For SIGKILL, the "side effect" being that the whole process gets
killed?

> And, as someone else said, if you're trying to get rid of your running
> threads at program termination, you generally might as well just call
> exit(), which will "evaporate" all the threads anyway. The one exception
> would be if you have threads maintaining externally visible state; in which
> case you should probably cancel them and allow them to clean up completely.
> You'll need to JOIN with those threads to be sure they've finished that
> cleanup.

The pthread_kill() code is in an existing "cleanup" method. I can't be
certain its called only when the application exits. (although it
probably is)

thanks again

Patrick TJ McPhee

unread,

Sep 27, 2003, 12:22:41 PM9/27/03

to

In article <a7424901.03092...@posting.google.com>,
Steven Wong <gndm...@yahoo.com> wrote:

[...]

% > There's no way to send a signal to "a process", so
% > kill() really only sends a signal to some RANDOM thread in a process
% > whereas pthread_kill() allows a thread within the process to send that
% > signal to a PARTICULAR thread.
%
% It is possible to setup signal handlers for this particular thread,
% which, somehow, prevented the whole process from dying?

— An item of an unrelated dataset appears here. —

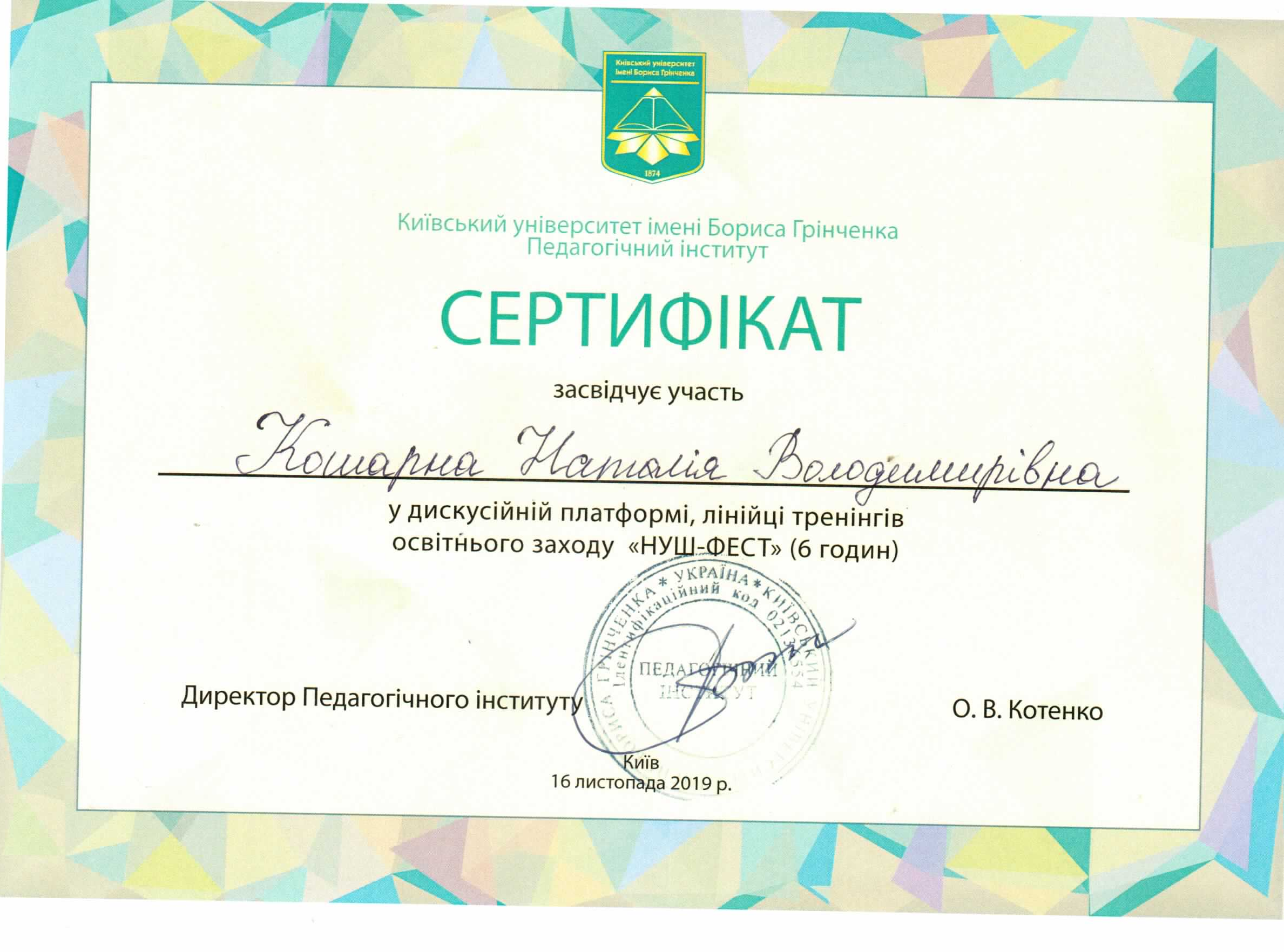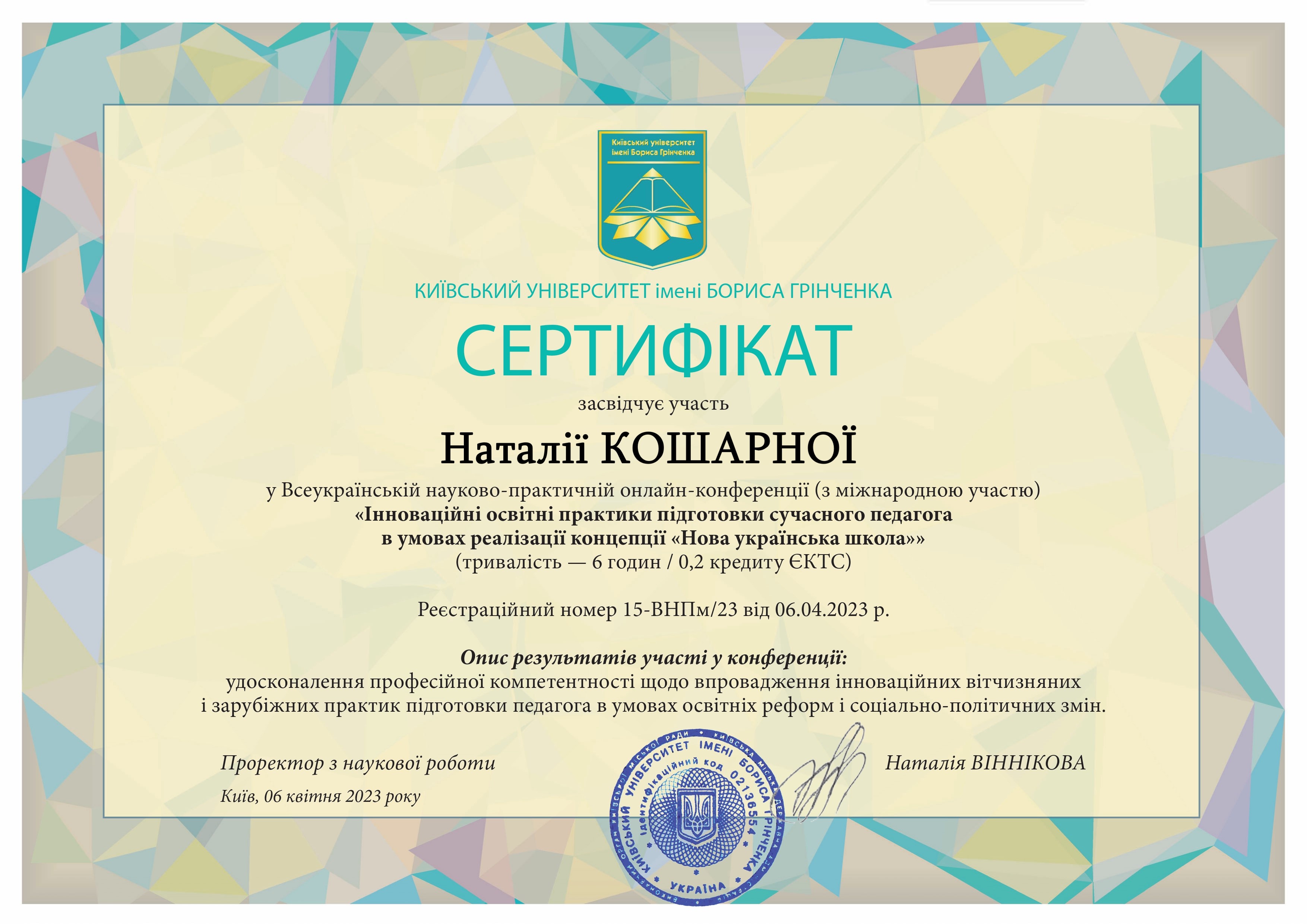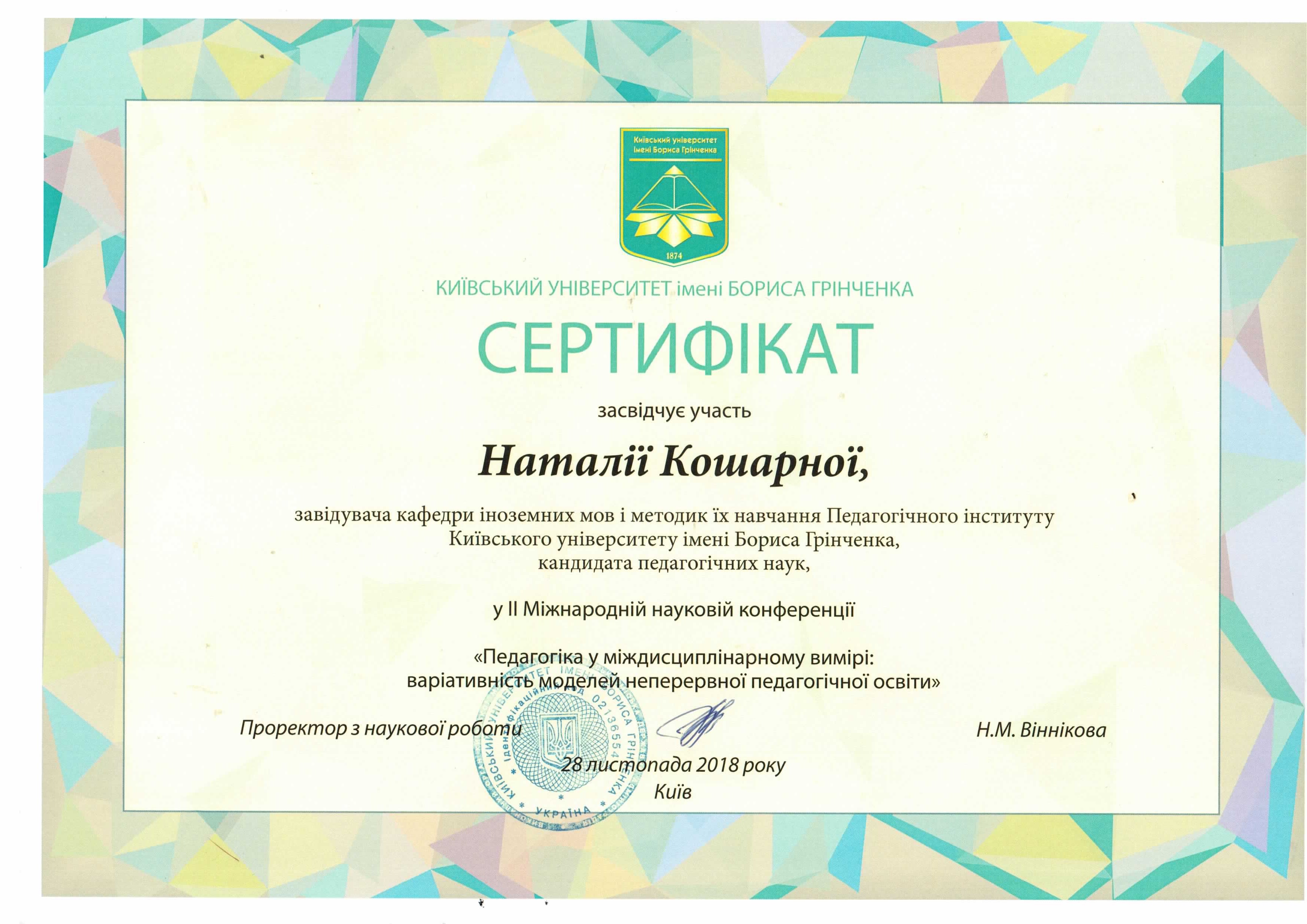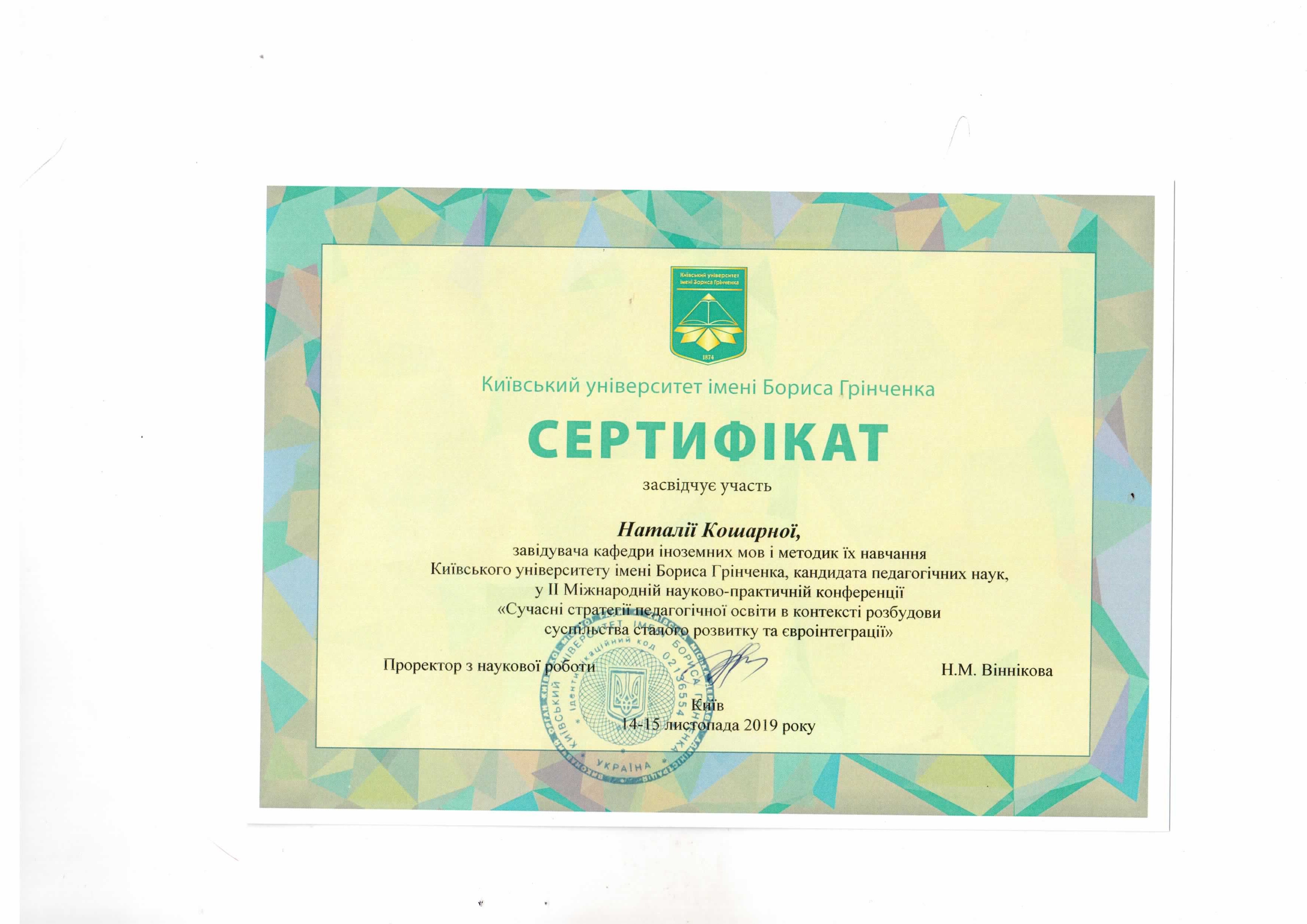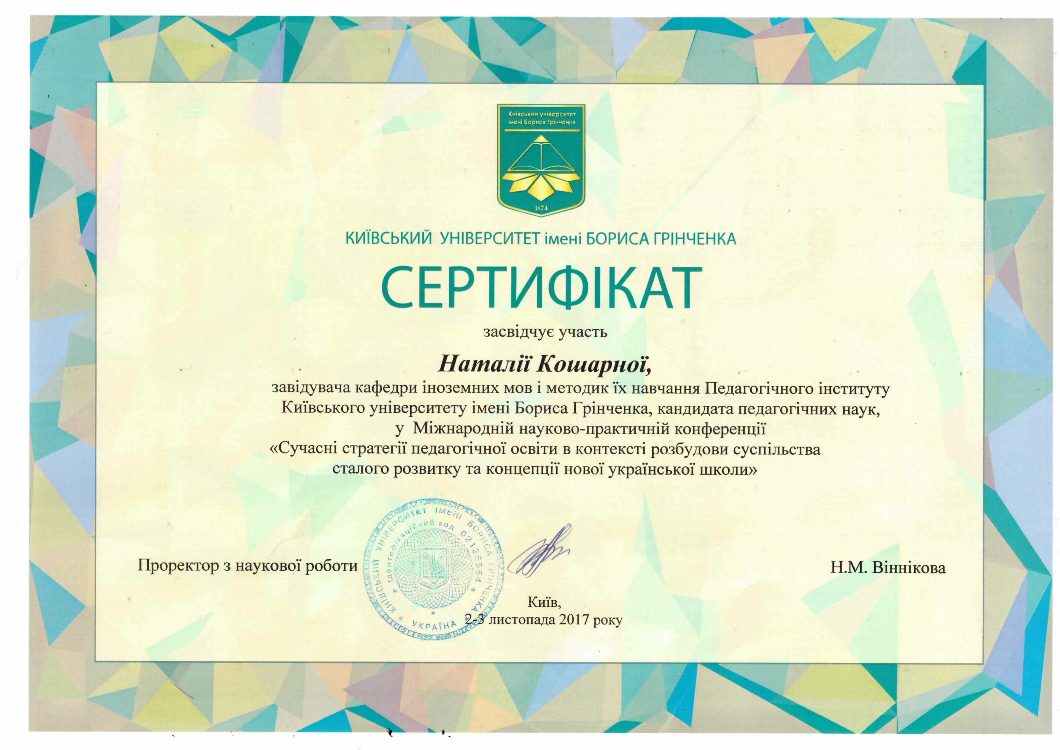 | 2492 | Сучасні стратегії педагогічної освіти в контексті розбудови суспільства сталого розвитку та концепції нової української школи | - | Київський Університет імені Бориса Грінченка, м. Київ |
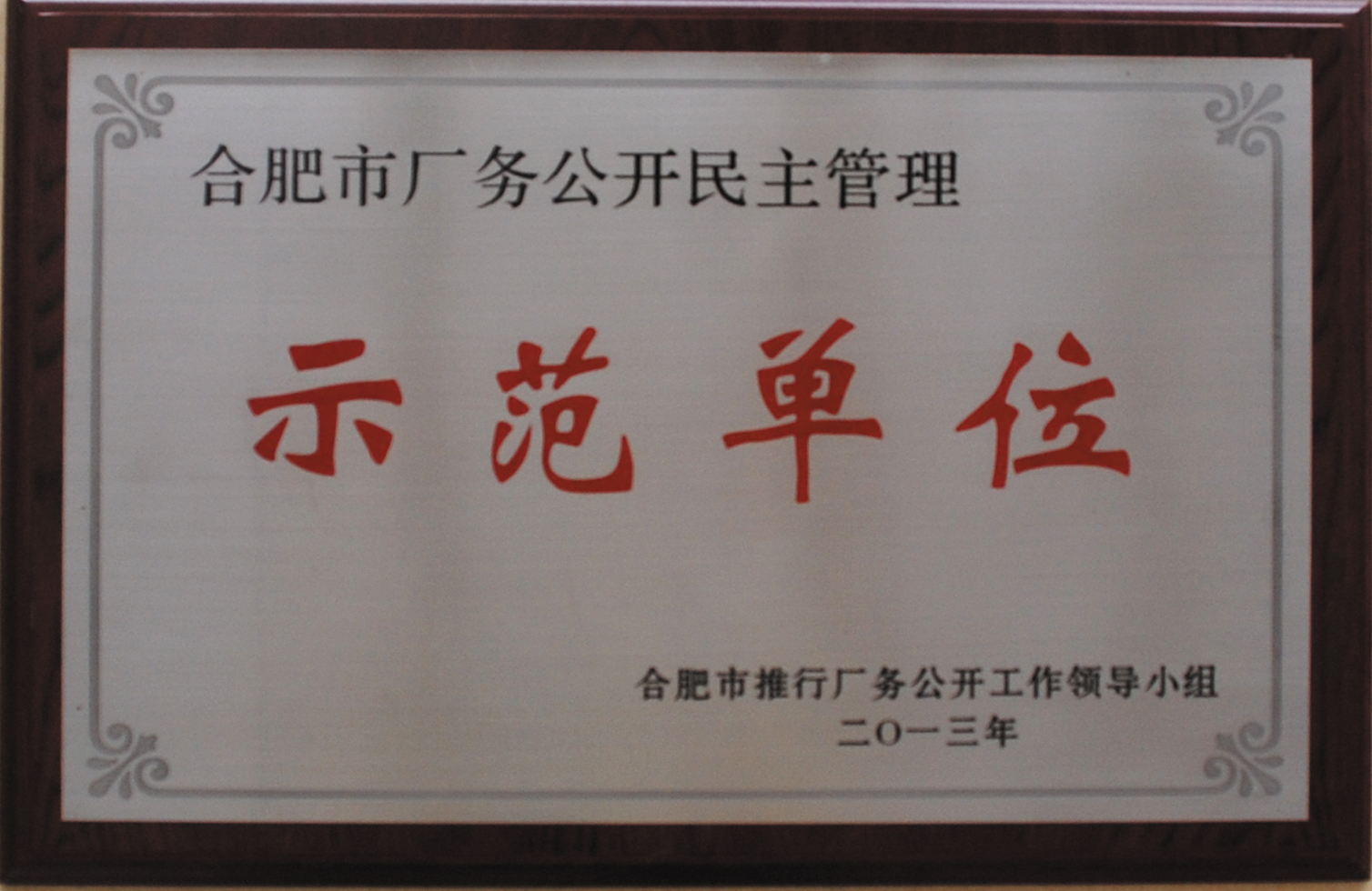 近日,富煌集團被合肥市推行廠務公開工作領導小組授予“合肥市廠務公開民主管理示范單位”稱號。

You can't install a signal handler which is specific to a particular
thread -- signal handlers are process wide -- but you can, of course,
prevent the process from dying, by not aborting in the signal handler.

% (or at least
% reacted differently to the signal than another thread in the same
% process?

I don't think there's a legal way to do this. There's a limited set
of functions that you may call from a signal handler, and I don't think
it includes pthread_getspecific, pthread_self, or pthread_equal.

% If not, what would be the point of picking a specific thread
% to send the signal to?)

Normally, I do it to implement a time-out mechanism on a blocking
system call which doesn't support time-outs. You don't do it as a
replacement for pthread_cancel(), though.

% > Some signals, like SIGKILL, are also defined to have some "side effect" on

% For SIGKILL, the "side effect" being that the whole process gets
% killed?

As they say in films, with extreme prejudice.

% The pthread_kill() code is in an existing "cleanup" method.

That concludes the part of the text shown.